With the development of UAV technology, UAV has been widely used in both military and civil fields. In the military field, UAV has the characteristics of good concealment and strong survivability, which make UAV become increasingly important in modern warfare. In the civil field, due to the advantages of high efficiency and low cost, UAV is widely used in aerial photography, land monitoring and express delivery, etc [1]. However, while UAV technology brings convenience, it also brings a series of problems such as illegal invasion and interference of civil aviation, which pose a great threat to public safety and territorial security [2]. In order to solve these problems, variety of anti-UAV systems have been developed around the world. One of the most important technologies in the anti-UAV system is target monitoring and tracking. Nowadays, radar, infrared imaging and visible light imaging have all been tested for anti-UAV applications [3]. Among these technologies, infrared imaging has attracted more and more attention due to its advantages of low price, anti-interference, and all-weather working characteristic.

However, affected by factors such as the working environment and resolution issue, the UAV target in an infrared image is often very small. In extreme cases, the infrared target can be only a bright point. Therefore, the structure and texture information contained in the infrared image for target detection is scarce, which leads to the invalidation of detection algorithms based on the characteristics of the target structure. In addition, infrared small targets are also susceptible to atmospheric cloud radiation and imaging noise [4], which result in relatively low signal to noise ratio (SNR).

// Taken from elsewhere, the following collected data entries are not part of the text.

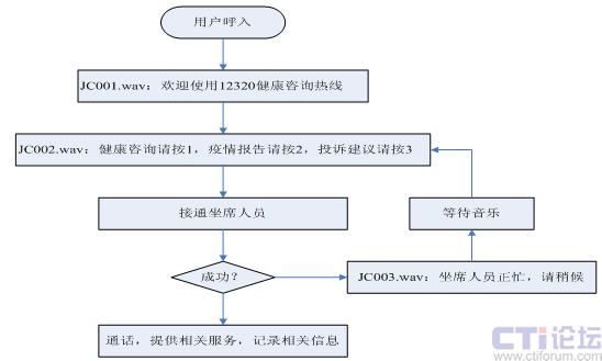 流程圖表示了正常工作期間的流程,實(shí)際技術(shù)流程會(huì)因?yàn)槭欠裨诠ぷ鲿r(shí)間、坐席人員是否繁忙等多種因素考慮,設(shè)置自動(dòng)語音內(nèi)容、語音留言等功能。
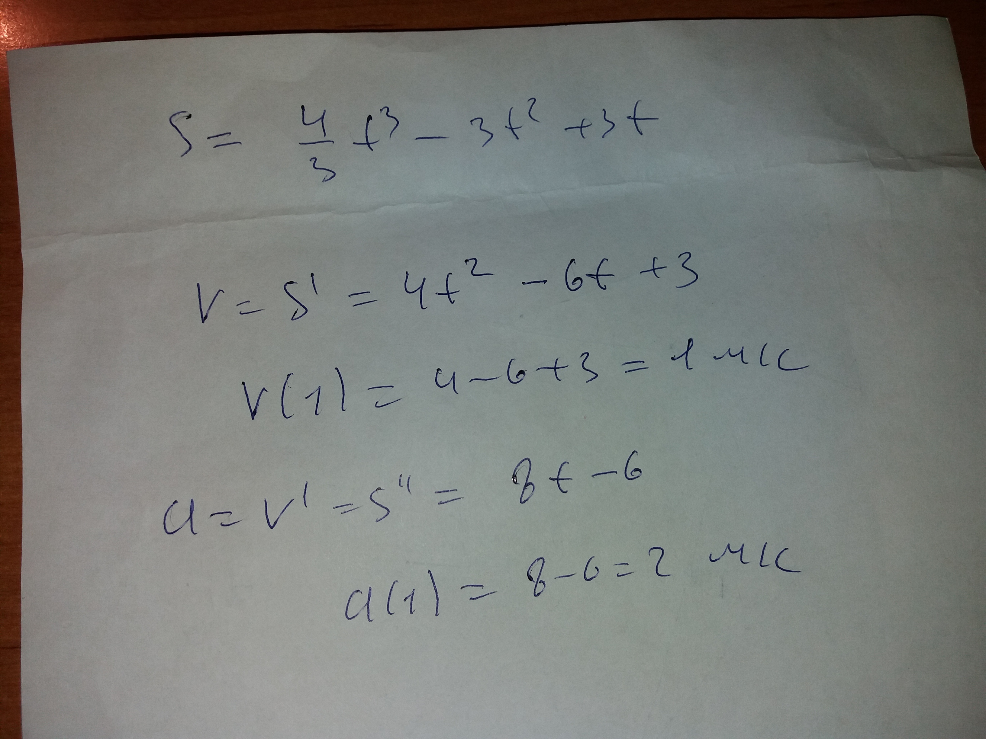 Ответ: Скорость ищем как производную от пути v(t)=4*t²-6*t+3, v(t=1)=4-6+3=4-3=1 м/с. Ускорение ищем как производную от скорости
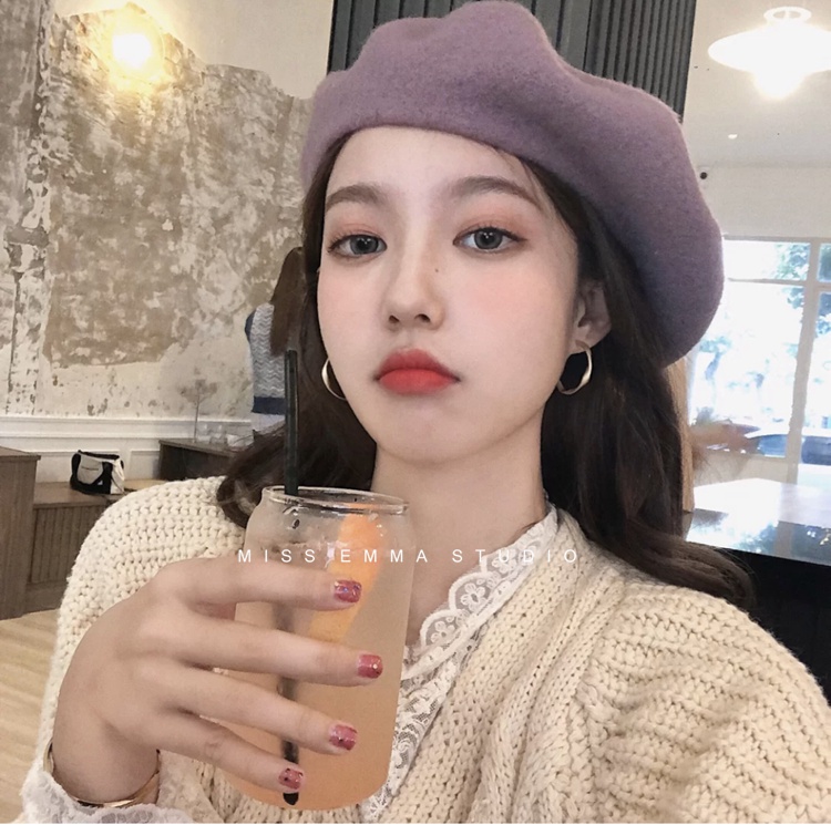 Wool Beret Woman Autumn Winter Korean Version Japanese Sweet Lovely Bud Hat British French Painter Hat Wool Hat
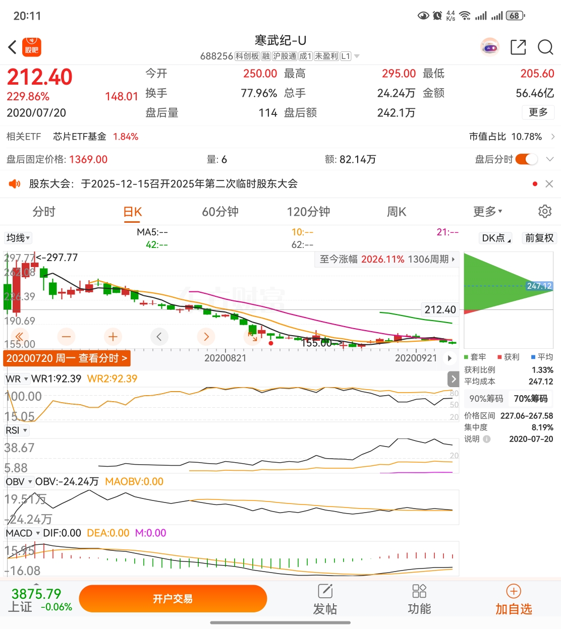 随手翻了一下2020年7月20日寒武纪上市当天的走势。和后面很长一段时间的中期走
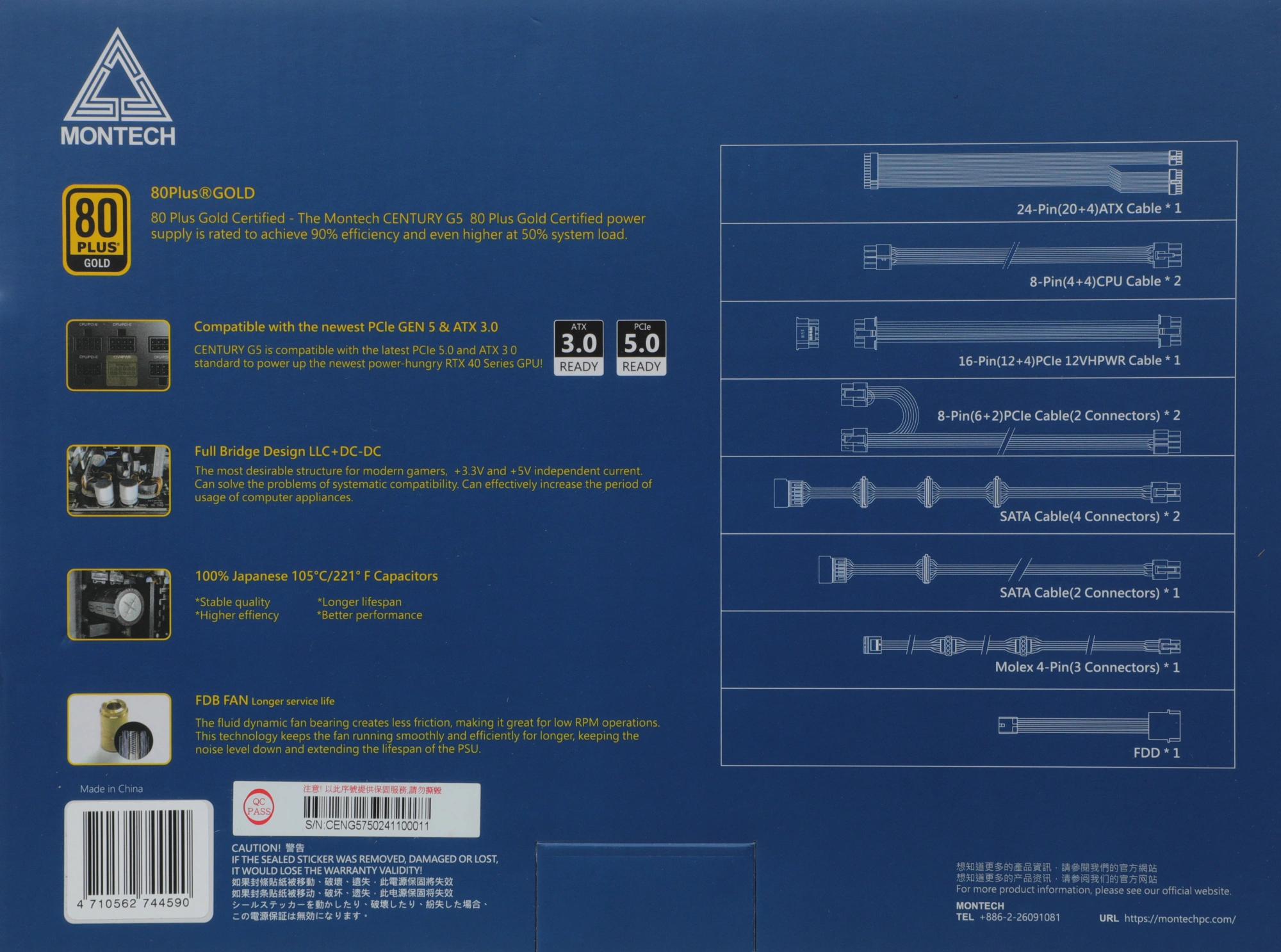 80+ gold (20+4pin) APFC 120mm fan 10xSATA Cab Mana...
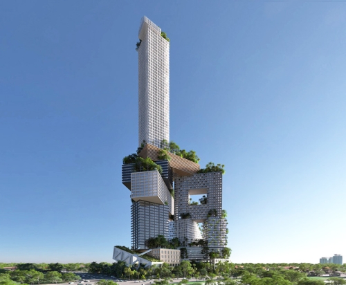 Na prvi pogled, neboder Peruri 88 deluje kao arhitektonski kolaž sastavljen od različitih objekata pripojenih jedni uz druge. Samostalni grad u malom obuhvata stanove, hotele, kancelarije, prodavnice, bioskope, džamiju, amfiteatre i bujne zelene prostore na svim visinama.
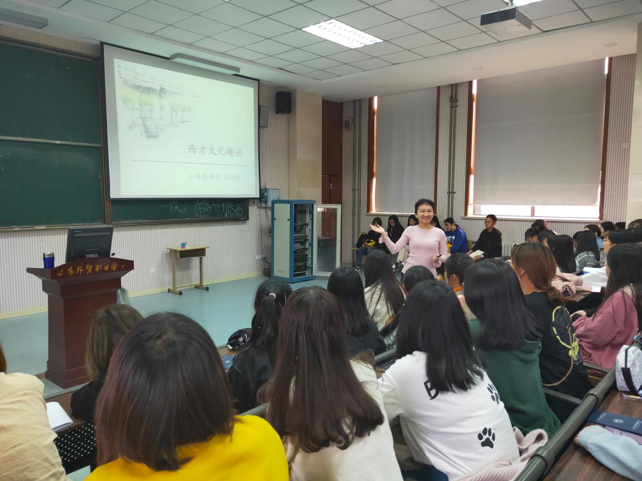 10月17日下午,公共英语部教师甄婷婷在2号教学楼B3阶梯教室举办了题为“西方文化趣谈”的讲座。
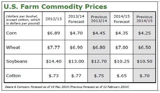 In 2014 the production of grains in the U.S. is expected to be up resulting in lower prices of commodities, such as corn and soybeans, which will reduce farmers' net income. The U.S. Department of Agriculture forecasts farm cash receipts to go down 12% in 2014. With budget constraints, farmers are likely to postpone their purchases of high-horsepower farm equipment. But once the buying power returns, there will be considerable pent up demand to support sales growth.
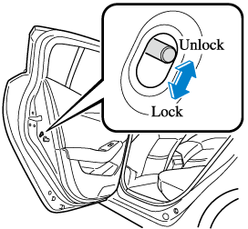 If you slide the child safety lock to the lock position before closing that door, the door cannot be opened from the inside. The door can only be opened by pulling the outside handle.
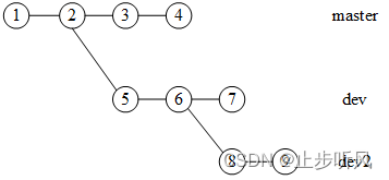 git commit -m "commit file7"git branch dev HEAD^git checkout devecho 8888 > file8
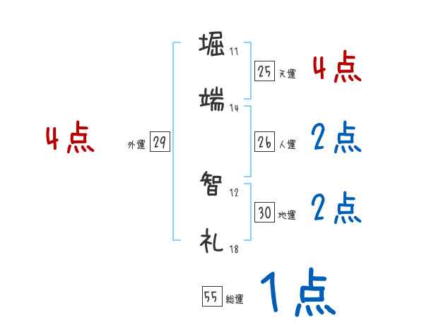 外運![]() | 堀端智礼さんの外運は29画の4つ星!完全主義で才能がある。厳格な心の持ち主。 生活面を象徴する運勢です。外部から受ける影響力を表し、結婚運、家庭運や職場、環境への順応性を表します。 |
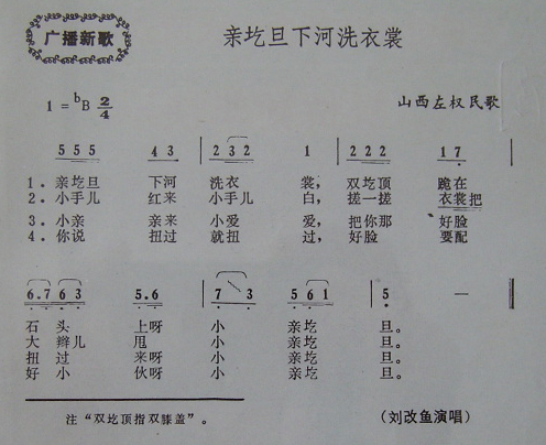 刘改鱼演唱的亲圪旦下河洗衣裳(山西左权民歌)歌词,亲圪旦下河洗衣裳(山西左权民歌)简谱.
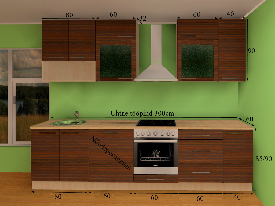 Valamukapist paremal on koht integreeritavale nõudepesumasinale (sisaldab ust ja sokklit)
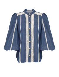 ITEM DETAILS The Awaken Denim Shirt in Railway Blue from our Resort Swim 2026 Collection. A denim shirt featuring long billow sleeves, stand collar with a single button closure, finished with lace panelling throughout. - Denim slim fit shirt - High neckline - Button-down front with floral crochet buttons - Gathered at sleeve head - Elasticated cuffs - Spliced lace detailing throughout Style Code: 5604TRS261 SIZE DETAILS 0P 0 1 2 3 4 Length 24.5 25.5 26 26.5 26.5 27 Bust 37 39.5 41.5 43.5 45.5 47 Waist 35.5 36 38.5 40 42.5 44 Sleeve 19.5 20.5 21 21 21.5 21.5 Slim fit Mid-weight, non-stretchy fabric This garment fits true to size Available in size 0P, suited to clients who are under 5'3"/ 160cm Model is 5'9.5"/178 cm, bust size 32C/10C and wears a size 0 Item measurements are in inches CARE INSTRUCTIONS Main: 100% cotton; lace: 100% cotton; lace 2: 100% cotton Gentle cold hand wash separately with mild detergent Remove any detachable trims prior to washing Do not soak, rub or wring Do not bleach Do not tumble dry Dry in shade; Iron in low temperature with protective cloth Do not spot clean; Do not dry clean Always check the label or care card for specific care instructions.

All these reasons make it very difficult to detect and track infrared small targets.

To solve this challenging issue, variety of infrared small target detection algorithms have been proposed in the past few decades. These algorithms can be divided into two categories: sequential detection methods and single-frame detection methods. Sequential detection methods mainly use the temporal correlation and motion information of the target for multi-frame joint detection. Qu et al. [5] proposed the Discontinuous Frame Difference to get rid of most stationary pixels and then applied Optical Flow Algorithm to detect the moving target. Based on wavelet packet transform and kurtosis, Wu et al. [6] proposed a new de-noising method and applied it to detect weak and moving point target from image sequences. In general, sequential detection methods are less affected by the environment and can be applied to detection with high SNR. However, when the target moves slowly, the detection performance of such methods is often poor. Therefore, the existing algorithms are mainly based on single-frame detection.

Conventional single-frame detection methods mainly use a series of filters to achieve the detection. Legacy target detection algorithms based on spatial filter, such as the median subtraction filter [7], max mean and max-median filter [8] and the morphological top-hat filter [9] rely much on manually designed parameters, so their robustness and accuracy is often poor. Inspired by the human visual system (HVS), many contrast-based algorithms have been proposed in recent years. Kim et al. [10] proposed a contrast mechanism based algorithm to achieve target enhancement and background clutter suppression by tuning and maximizing the signal-to-clutter ratio (TMSCR) in Laplacian scale-space. Shao et al. [11] make use of Kim's method to increase image contrast and then use the morphological method to further eliminate residual clutter. Chen [12] et al. proposed a two-stage Local Contrast Measure (LCM) to measure the dissimilarity between the current location and its neighborhoods. They first use LCM to get the local contrast map of the input image, and then segment the target through an adaptive threshold. Based on LCM, a series of improved infrared target detection algorithms have been developed, such as ILCM [13], NLCM [14] and WLCM [15]. Contrast-based detection algorithms can improve detection accuracy, compared with the algorithms based on spatial filter. However, when the background becomes complex, the performance of contrast-based detection algorithms decreases significantly.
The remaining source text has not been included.